Conductivity measurements

The four-electrode devices were designed using focused ion beam (FIB) techniques to test the conductivity of MXenes in this work. The sample lamellas were installed on the nanochips, and four FIB-assisted superconducting Pt electrodes were fabricated by ion-beam-induced deposition, in which the outer electrode and the inner electrode are used to measure the current and voltage, respectively. Then the resistance R of MXenes was obtained based on Ohm’s law. Subsequently, the conductivity σ was calculated according to the formula: σ = L/(R·a·b), where L, a, and b are the length, width, and thickness between the voltage measurement points, where were obtained from the front view and top view SEM images.
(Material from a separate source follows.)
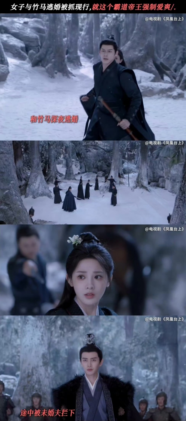 一场婚礼变成修罗场,一场私奔演成生死局--这就是《凤凰台上》开局即高能的剧情!萧焕与凌苍苍大婚在即,准皇后却与青梅竹马雪夜狂奔,被男主抓个正着。两人十指紧扣、踏雪疾驰的画面,竟被蒙上了一层凄美决绝的滤镜,而萧焕那一声"回来"中暗涌的愤怒与痛楚,更让这场三角关系张力拉满!

Microwave absorption measurements

The as-obtained MXenes (Nb₂CTe_x, (TiNbTa)₂CTe_x, and (TiVNbTaZr)₂CTe_x) samples were immersed into the molten paraffin, mixed thoroughly and pressed into coaxial rings (ϕ_outer = 7.0 mm; ϕ_inner = 3.0 mm). The electromagnetic parameters with the frequency range of 2–12 GHz were measured by a network analyzer (Keysight, N5230C). Finally, the coaxial transmission line method was employed to calculate the reflection loss values:

$${RL}=20\log \left|\frac{\sqrt{{\mu }_{r}/{\varepsilon }_{r}}tanh \left[j\left(2\pi {fd}/c\right)\sqrt{{\mu }_{r}{\varepsilon }_{r}}\right]-1}{\sqrt{{\mu }_{r}/{\varepsilon }_{r}}tanh \left[j\left(2\pi {fd}/c\right)\sqrt{{\mu }_{r}{\varepsilon }_{r}}\right]+1}\right|$$

(2)

where ε_r and μ_r are the electromagnetic parameters of complex permittivity and permeability, d is the specimen thickness, f is microwave frequency, and c is the speed of light velocity in a vacuum.